1. Chen M, Daha MR, Kallenberg CG. The complement system in systemic autoimmune disease. J Autoimmun 2010; 34:J276–J286.

2. Sethi S. Etiology-based diagnostic approach to proliferative glomerulonephritis. Am J Kidney Dis 2014; 63:561–566.

3. Sethi S, Fervenza FC. Membranoproliferative glomerulonephritis—a new look at an old entity. N Engl J Med 2012; 366:1119–1131.

4. Fakhouri F, et al. C3 glomerulopathy: A new classification. Nat Rev Nephrol 2010; 6:494–499.

5. Suzuki H, et al. The pathophysiology of IgA nephropathy. J Am Soc Nephrol 2011; 22:1795–1803.

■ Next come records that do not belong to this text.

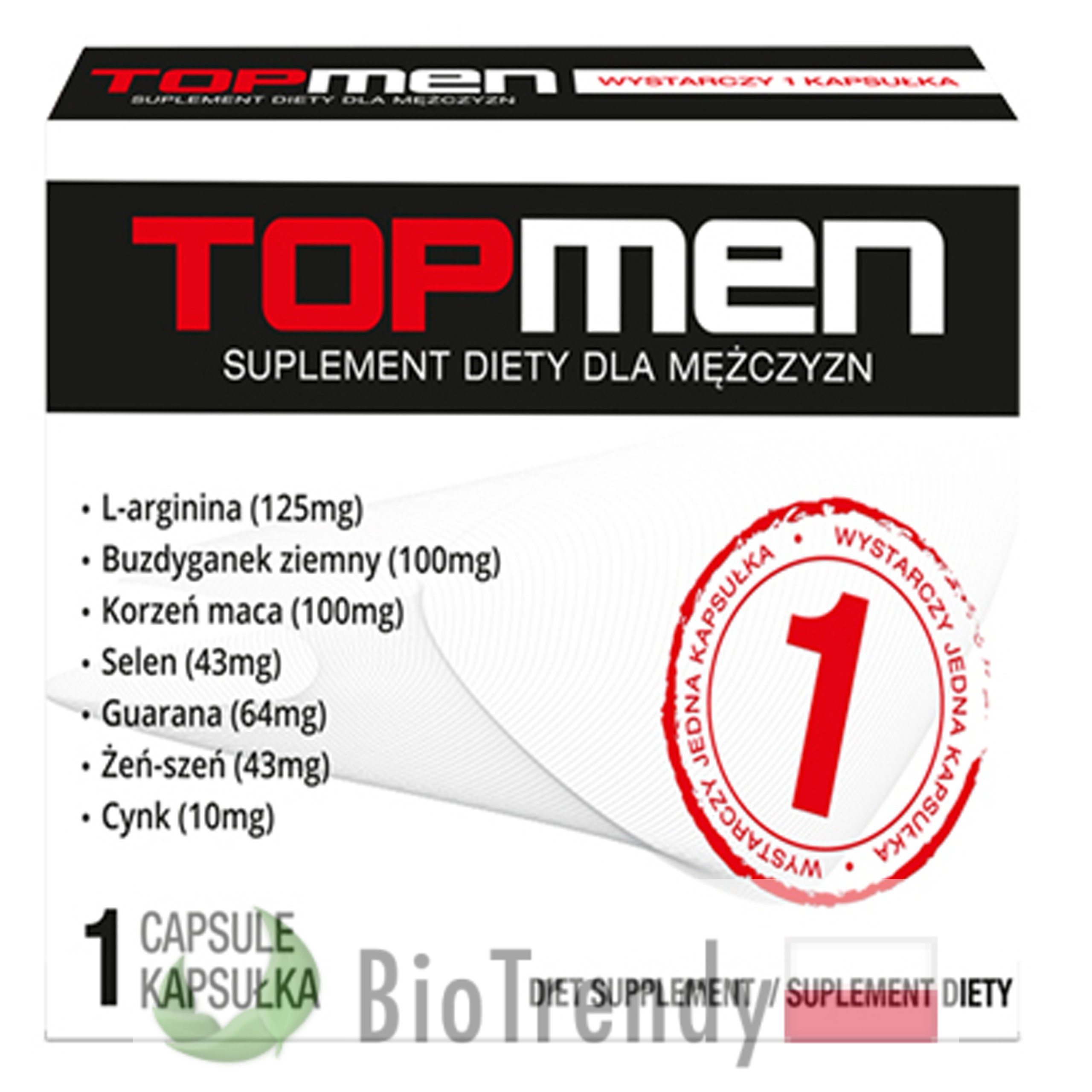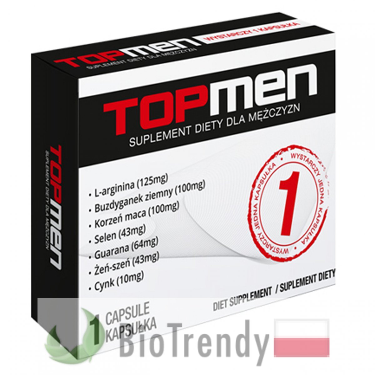 Top Men należy do jednych z bardziej skuteczniejszych suplementów diety stymulujących erekcję. Jak to jest w ogóle możliwe? Wystarczy spożycie jedynie jednej kapsułki na ok. trzydzieści do sześćdziesięciu minut przed planowanym zbliżeniem, aby móc cieszyć się nim dłużej i odczuwać z niego pełną satysfakcje. A wszystko dzięki zawartości odpowiednio dobranych składników, które zostały zamknięte w kapsułce w odpowiednich proporcjach, aby uzyskać jak najbardziej zadowalające efekty stosowania! Top Men pomimo tego, że nie znajduję się na rynku tak długi czas uzyskał już duże uznanie wśród wielu zadowolonych klientów z całej europy.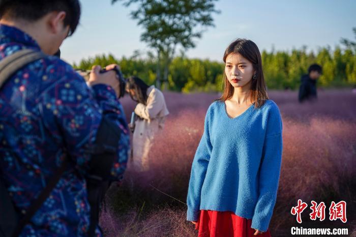 图为市民与粉黛乱子草合影。中新社记者 李超庆 摄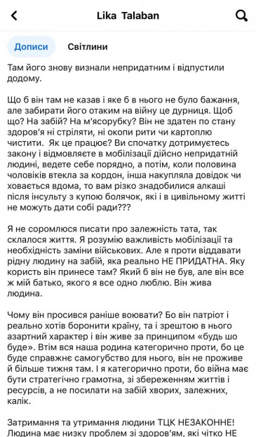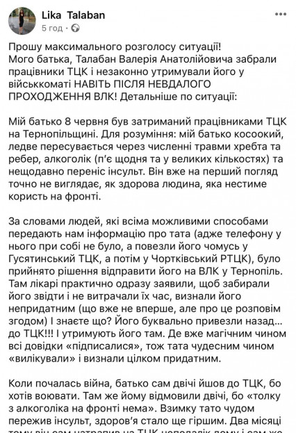 – Мій батько 8 червня був затриманий працівниками ТЦК на Тернопільщині. Для розуміння: мій батько косоокий, ледве пересувається через численні травми хребта та ребер, алкоголік (пʼє щодня та у великих кількостях) та нещодавно переніс інсульт. Він вже на перший погляд точно не виглядає, як здорова людина, яка нестиме користь на фронті.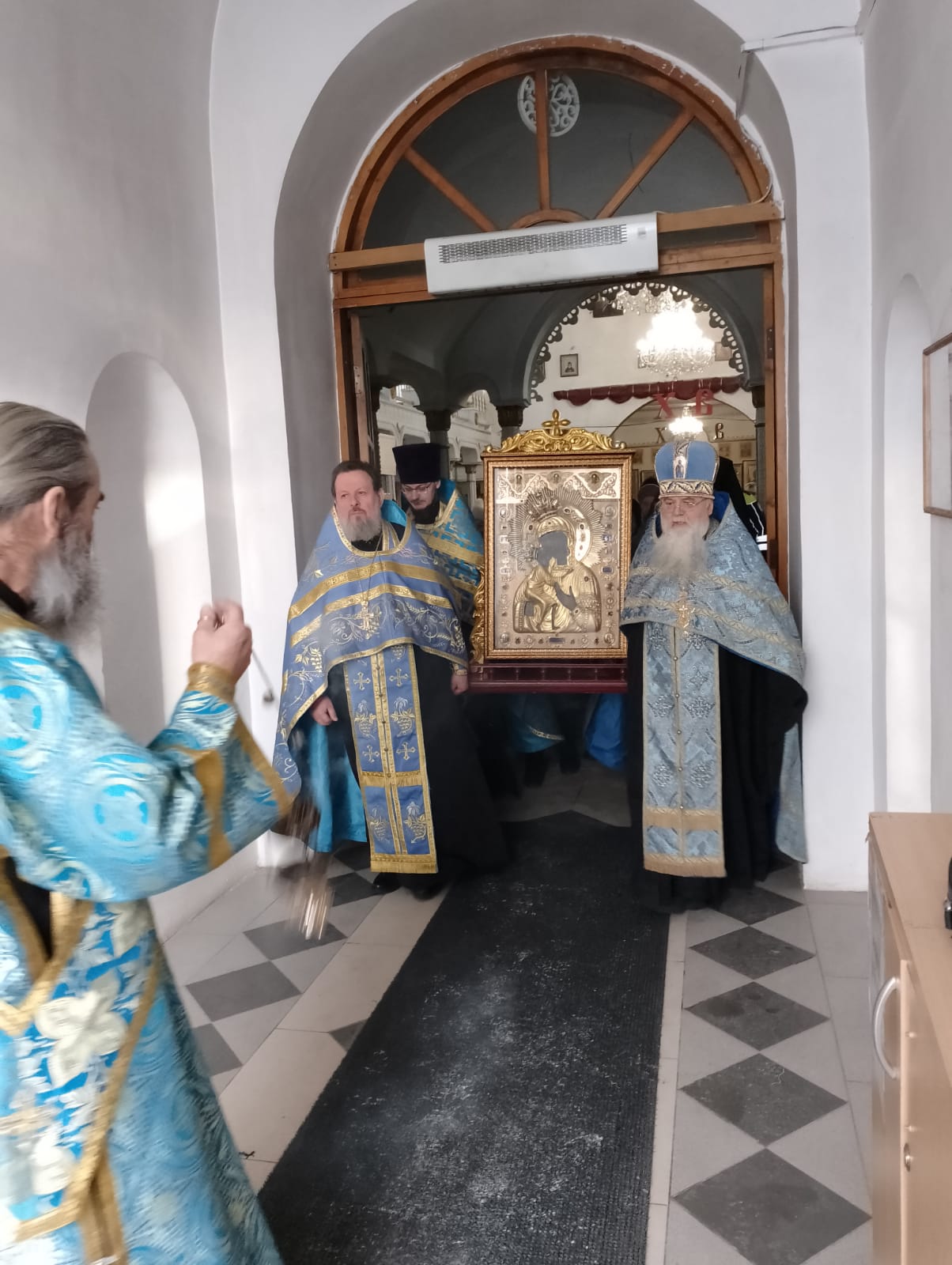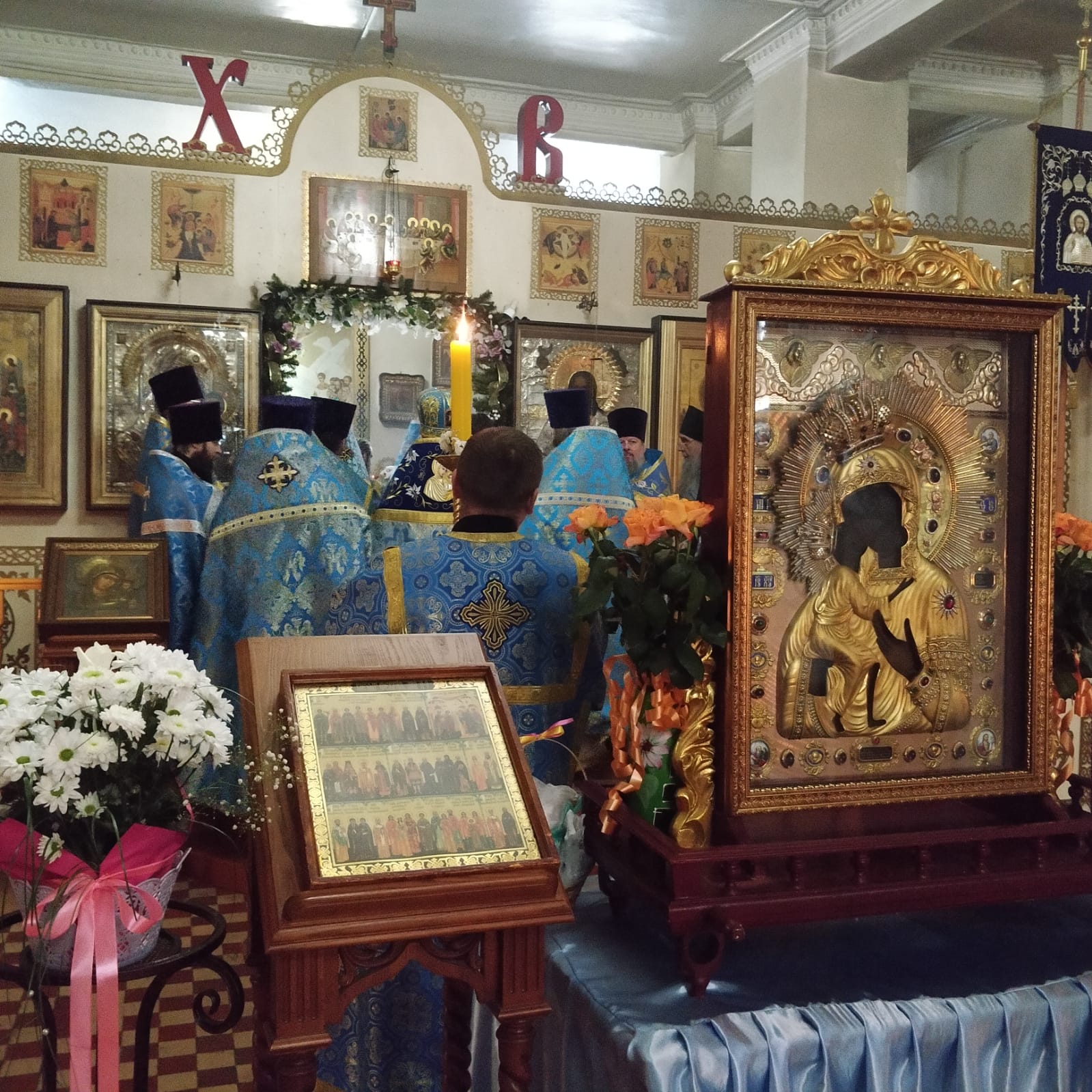 После богослужения до отъезда чудотворной иконы священнослужители епархии совершали акафисты Пресвятой Богородице пред Ее чудотворным образом.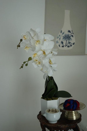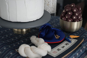 '고이 테이블'이라는 전문 업체에서 포토 후기를 보며 정갈하고 단아한 느낌의 블루기와 세트로 정했고, 얼굴이 하얀 호박이를 생각해서 푸른색이 들어간 한복도 대여를 신청했다. 큰 이사 박스 2개에 걸쳐 모든 준비물이 왔는데 동봉한 설명서와 사진으로 무리 없이 세팅할 수 있었다. 예산은 상차림에 15만 원 정도가 들었다. 집 벽지가 모두 하얀색이고, 남서향으로 햇볕이 잘 들어 별도 옵션을 선택하지 않아도 되었다. 테이블도 집에서 쓰는 식탁으로 했는데 전혀 비좁지 않았다.

6. Maillard N, et al. Current understanding of the role of complement in IgA nephropathy. J Am Soc Nephrol 2015; 26:1503–1512.

7. Espinosa M, et al. Association of C4d deposition with clinical outcomes in IgA nephropathy. Clin J Am Soc Nephrol 2014; 9:897–904.

8. Liu LL, et al. Glomerular mannose-binding lectin deposition is a useful prognostic predictor in immunoglobulin A nephropathy. Clin Exp Immunol 2013; 174:152–160.

9. Liu L, et al. C3a, C5a renal expression and their receptors are correlated to severity of IgA nephropathy. J Clin Immunol 2014; 34:224–232.

10. Bomback AS. Anti-complement therapy for glomerular diseases. Adv Chronic Kidney Disease 2014; 21:152–158.